══ DATA SUPPLIED

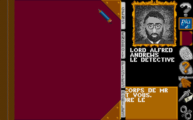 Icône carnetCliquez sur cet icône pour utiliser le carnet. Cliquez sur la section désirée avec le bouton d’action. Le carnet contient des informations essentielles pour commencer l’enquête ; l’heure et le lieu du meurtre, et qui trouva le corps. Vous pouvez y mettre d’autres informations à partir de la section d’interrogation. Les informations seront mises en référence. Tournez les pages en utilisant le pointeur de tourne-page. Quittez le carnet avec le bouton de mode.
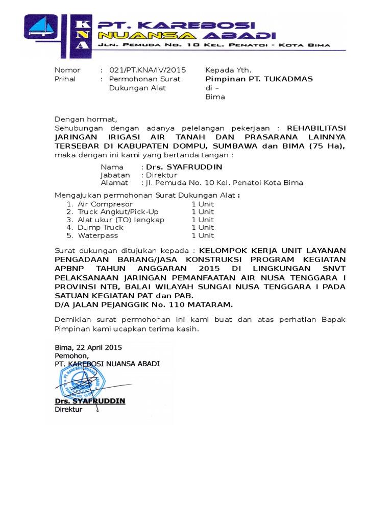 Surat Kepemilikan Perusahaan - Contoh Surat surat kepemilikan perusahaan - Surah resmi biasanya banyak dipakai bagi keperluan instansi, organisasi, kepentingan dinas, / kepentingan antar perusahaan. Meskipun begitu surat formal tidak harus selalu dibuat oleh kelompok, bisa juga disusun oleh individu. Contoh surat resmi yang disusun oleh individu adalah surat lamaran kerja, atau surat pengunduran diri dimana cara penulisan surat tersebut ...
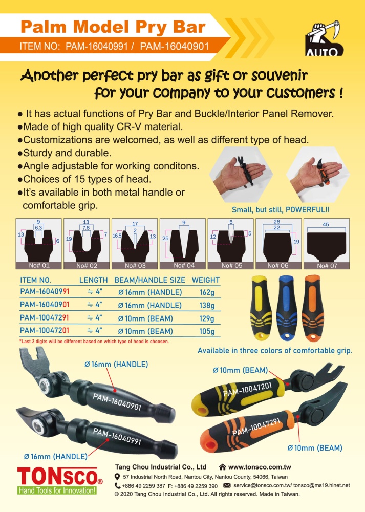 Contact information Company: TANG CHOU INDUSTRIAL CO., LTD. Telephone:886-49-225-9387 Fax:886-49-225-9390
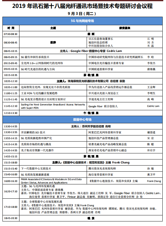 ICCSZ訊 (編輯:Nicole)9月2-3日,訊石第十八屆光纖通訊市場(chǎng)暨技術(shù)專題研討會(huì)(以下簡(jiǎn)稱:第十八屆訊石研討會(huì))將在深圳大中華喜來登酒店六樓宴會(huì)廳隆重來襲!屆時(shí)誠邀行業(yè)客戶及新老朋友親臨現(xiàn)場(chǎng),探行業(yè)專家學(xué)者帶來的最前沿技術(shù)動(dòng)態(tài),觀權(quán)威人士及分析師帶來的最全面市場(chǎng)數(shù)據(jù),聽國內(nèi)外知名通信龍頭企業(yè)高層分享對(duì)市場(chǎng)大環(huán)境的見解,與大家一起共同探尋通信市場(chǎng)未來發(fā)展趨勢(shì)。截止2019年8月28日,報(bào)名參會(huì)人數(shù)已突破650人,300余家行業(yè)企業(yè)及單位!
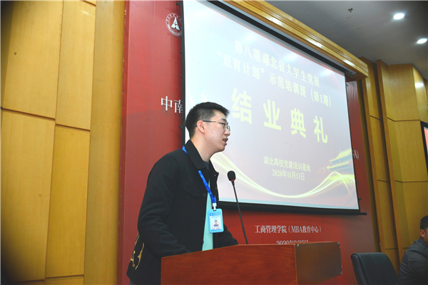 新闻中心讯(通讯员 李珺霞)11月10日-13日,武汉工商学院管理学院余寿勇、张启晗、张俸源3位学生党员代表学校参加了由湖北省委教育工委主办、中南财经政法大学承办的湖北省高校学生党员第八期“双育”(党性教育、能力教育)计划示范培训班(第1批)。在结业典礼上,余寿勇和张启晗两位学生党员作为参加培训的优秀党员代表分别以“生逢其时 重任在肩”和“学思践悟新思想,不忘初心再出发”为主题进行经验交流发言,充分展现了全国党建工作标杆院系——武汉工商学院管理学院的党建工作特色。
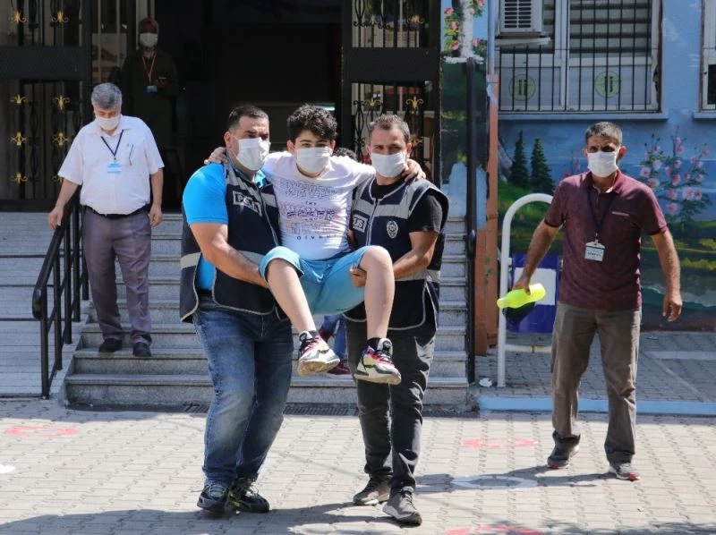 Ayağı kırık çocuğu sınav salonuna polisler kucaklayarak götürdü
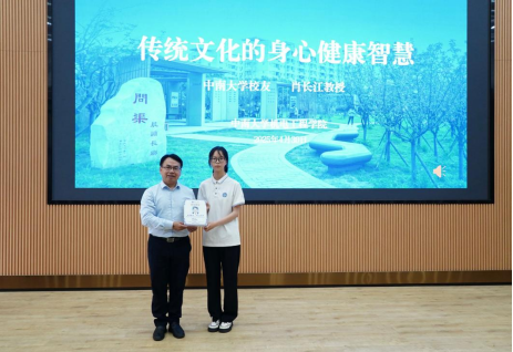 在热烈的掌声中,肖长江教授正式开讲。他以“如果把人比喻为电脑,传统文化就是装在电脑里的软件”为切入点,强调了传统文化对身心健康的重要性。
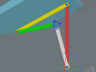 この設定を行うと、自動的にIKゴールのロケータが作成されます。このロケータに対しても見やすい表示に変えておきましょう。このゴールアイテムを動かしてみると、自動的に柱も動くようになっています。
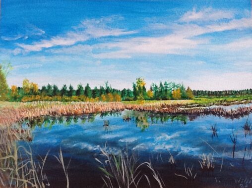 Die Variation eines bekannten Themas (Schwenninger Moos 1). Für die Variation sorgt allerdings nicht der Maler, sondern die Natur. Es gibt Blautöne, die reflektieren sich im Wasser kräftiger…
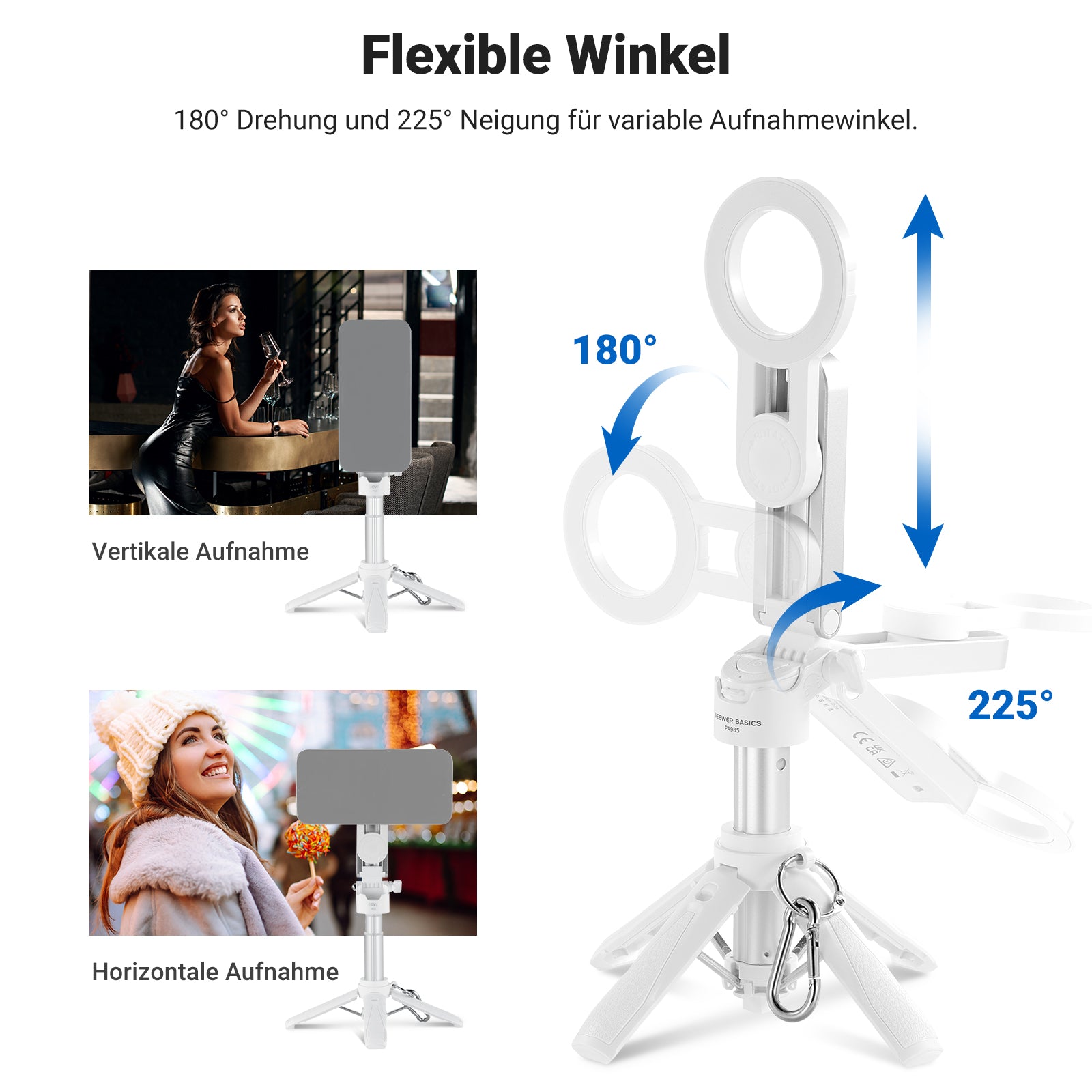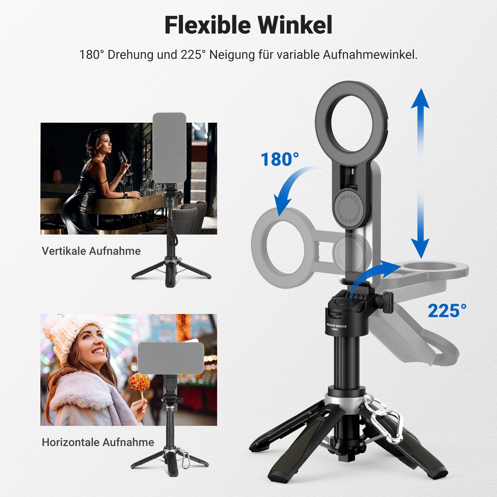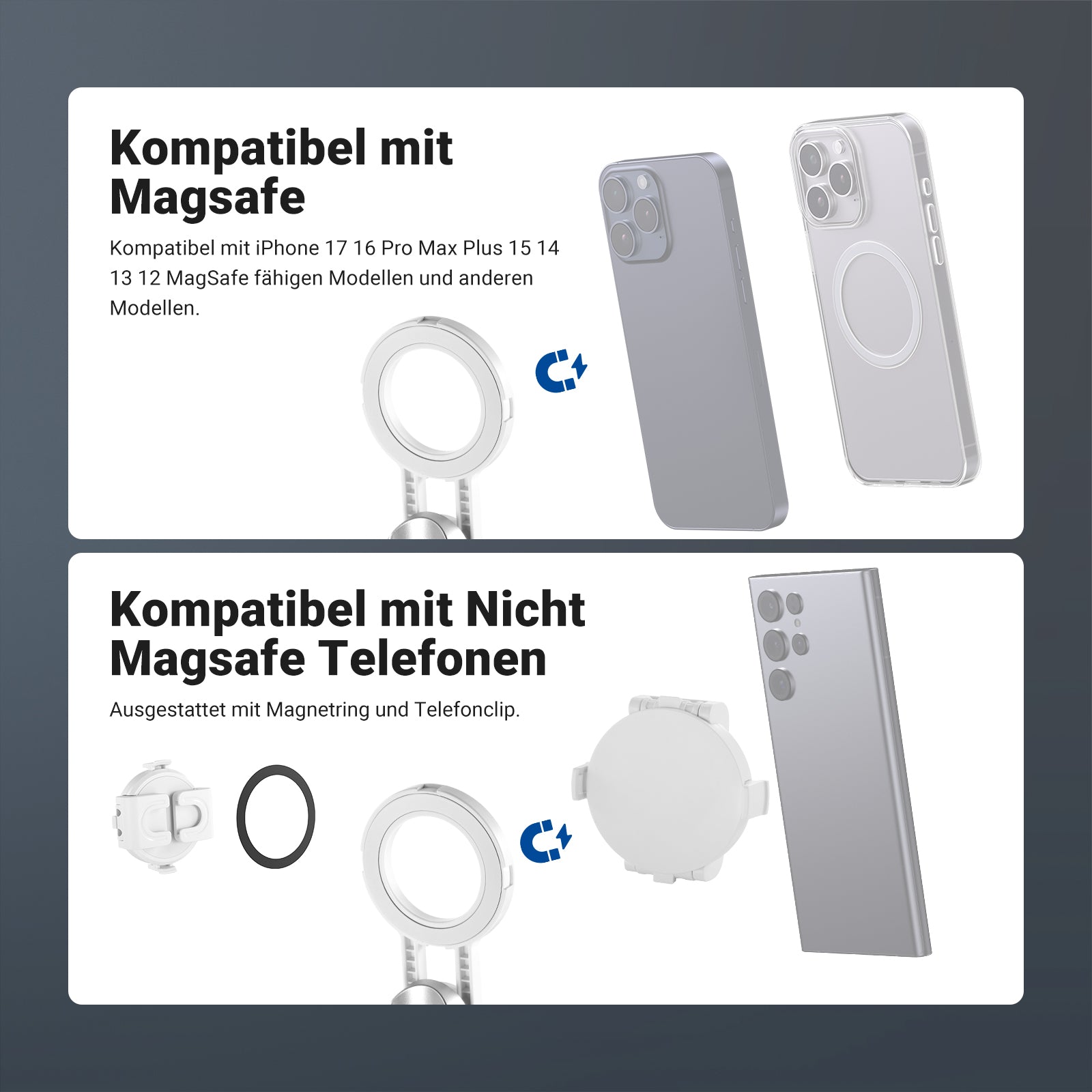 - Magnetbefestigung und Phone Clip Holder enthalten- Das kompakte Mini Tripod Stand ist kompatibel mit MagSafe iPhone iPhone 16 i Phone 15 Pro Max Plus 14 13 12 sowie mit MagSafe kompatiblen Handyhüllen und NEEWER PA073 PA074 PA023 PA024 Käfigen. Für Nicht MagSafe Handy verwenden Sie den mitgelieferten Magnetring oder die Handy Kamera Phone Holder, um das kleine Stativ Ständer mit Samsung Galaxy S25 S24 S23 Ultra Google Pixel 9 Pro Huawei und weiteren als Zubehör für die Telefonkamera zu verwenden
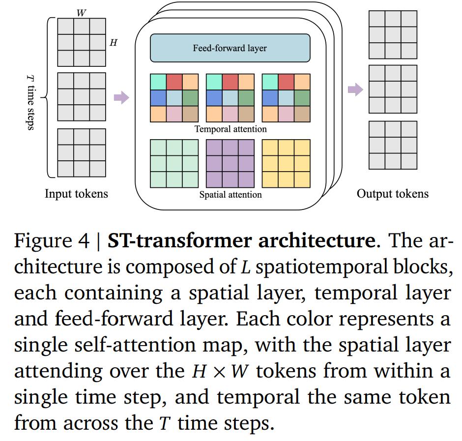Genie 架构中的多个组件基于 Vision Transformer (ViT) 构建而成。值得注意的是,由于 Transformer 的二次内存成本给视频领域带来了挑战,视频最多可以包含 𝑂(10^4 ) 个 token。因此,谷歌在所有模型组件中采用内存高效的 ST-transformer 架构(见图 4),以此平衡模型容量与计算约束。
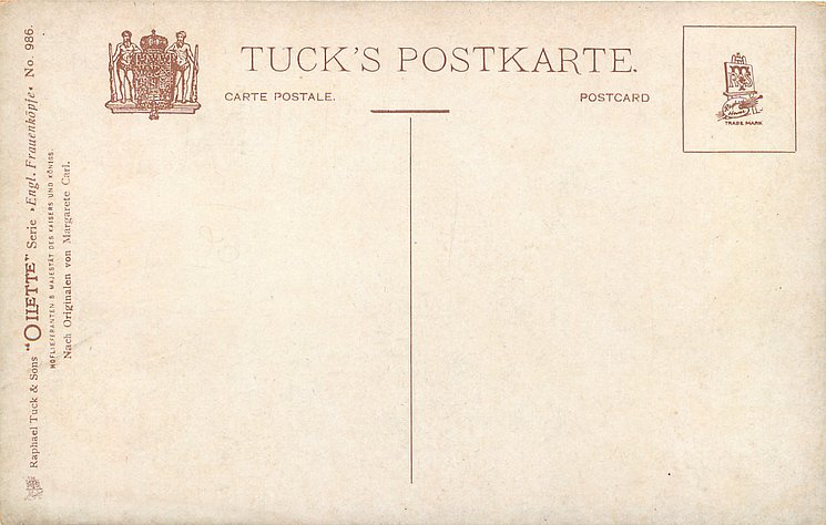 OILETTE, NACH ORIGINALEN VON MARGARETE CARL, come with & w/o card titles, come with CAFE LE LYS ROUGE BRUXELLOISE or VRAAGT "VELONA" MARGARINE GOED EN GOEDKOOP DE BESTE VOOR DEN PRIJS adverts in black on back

════

- _TASK ITEM_:
Produce an exact copy of every line above, with the images left out.

- _RESULT OF THE EXERCISE_:
 Icône carnetCliquez sur cet icône pour utiliser le carnet. Cliquez sur la section désirée avec le bouton d’action. Le carnet contient des informations essentielles pour commencer l’enquête ; l’heure et le lieu du meurtre, et qui trouva le corps. Vous pouvez y mettre d’autres informations à partir de la section d’interrogation. Les informations seront mises en référence. Tournez les pages en utilisant le pointeur de tourne-page. Quittez le carnet avec le bouton de mode.
 Surat Kepemilikan Perusahaan - Contoh Surat surat kepemilikan perusahaan - Surah resmi biasanya banyak dipakai bagi keperluan instansi, organisasi, kepentingan dinas, / kepentingan antar perusahaan. Meskipun begitu surat formal tidak harus selalu dibuat oleh kelompok, bisa juga disusun oleh individu. Contoh surat resmi yang disusun oleh individu adalah surat lamaran kerja, atau surat pengunduran diri dimana cara penulisan surat tersebut ...
 Contact information Company: TANG CHOU INDUSTRIAL CO., LTD. Telephone:886-49-225-9387 Fax:886-49-225-9390
 ICCSZ訊 (編輯:Nicole)9月2-3日,訊石第十八屆光纖通訊市場(chǎng)暨技術(shù)專題研討會(huì)(以下簡(jiǎn)稱:第十八屆訊石研討會(huì))將在深圳大中華喜來登酒店六樓宴會(huì)廳隆重來襲!屆時(shí)誠邀行業(yè)客戶及新老朋友親臨現(xiàn)場(chǎng),探行業(yè)專家學(xué)者帶來的最前沿技術(shù)動(dòng)態(tài),觀權(quán)威人士及分析師帶來的最全面市場(chǎng)數(shù)據(jù),聽國內(nèi)外知名通信龍頭企業(yè)高層分享對(duì)市場(chǎng)大環(huán)境的見解,與大家一起共同探尋通信市場(chǎng)未來發(fā)展趨勢(shì)。截止2019年8月28日,報(bào)名參會(huì)人數(shù)已突破650人,300余家行業(yè)企業(yè)及單位!
 新闻中心讯(通讯员 李珺霞)11月10日-13日,武汉工商学院管理学院余寿勇、张启晗、张俸源3位学生党员代表学校参加了由湖北省委教育工委主办、中南财经政法大学承办的湖北省高校学生党员第八期“双育”(党性教育、能力教育)计划示范培训班(第1批)。在结业典礼上,余寿勇和张启晗两位学生党员作为参加培训的优秀党员代表分别以“生逢其时 重任在肩”和“学思践悟新思想,不忘初心再出发”为主题进行经验交流发言,充分展现了全国党建工作标杆院系——武汉工商学院管理学院的党建工作特色。
 Ayağı kırık çocuğu sınav salonuna polisler kucaklayarak götürdü
 在热烈的掌声中,肖长江教授正式开讲。他以“如果把人比喻为电脑,传统文化就是装在电脑里的软件”为切入点,强调了传统文化对身心健康的重要性。
 この設定を行うと、自動的にIKゴールのロケータが作成されます。このロケータに対しても見やすい表示に変えておきましょう。このゴールアイテムを動かしてみると、自動的に柱も動くようになっています。
 Die Variation eines bekannten Themas (Schwenninger Moos 1). Für die Variation sorgt allerdings nicht der Maler, sondern die Natur. Es gibt Blautöne, die reflektieren sich im Wasser kräftiger…
 - Magnetbefestigung und Phone Clip Holder enthalten- Das kompakte Mini Tripod Stand ist kompatibel mit MagSafe iPhone iPhone 16 i Phone 15 Pro Max Plus 14 13 12 sowie mit MagSafe kompatiblen Handyhüllen und NEEWER PA073 PA074 PA023 PA024 Käfigen. Für Nicht MagSafe Handy verwenden Sie den mitgelieferten Magnetring oder die Handy Kamera Phone Holder, um das kleine Stativ Ständer mit Samsung Galaxy S25 S24 S23 Ultra Google Pixel 9 Pro Huawei und weiteren als Zubehör für die Telefonkamera zu verwenden
Genie 架构中的多个组件基于 Vision Transformer (ViT) 构建而成。值得注意的是,由于 Transformer 的二次内存成本给视频领域带来了挑战,视频最多可以包含 𝑂(10^4 ) 个 token。因此,谷歌在所有模型组件中采用内存高效的 ST-transformer 架构(见图 4),以此平衡模型容量与计算约束。
 OILETTE, NACH ORIGINALEN VON MARGARETE CARL, come with & w/o card titles, come with CAFE LE LYS ROUGE BRUXELLOISE or VRAAGT "VELONA" MARGARINE GOED EN GOEDKOOP DE BESTE VOOR DEN PRIJS adverts in black on back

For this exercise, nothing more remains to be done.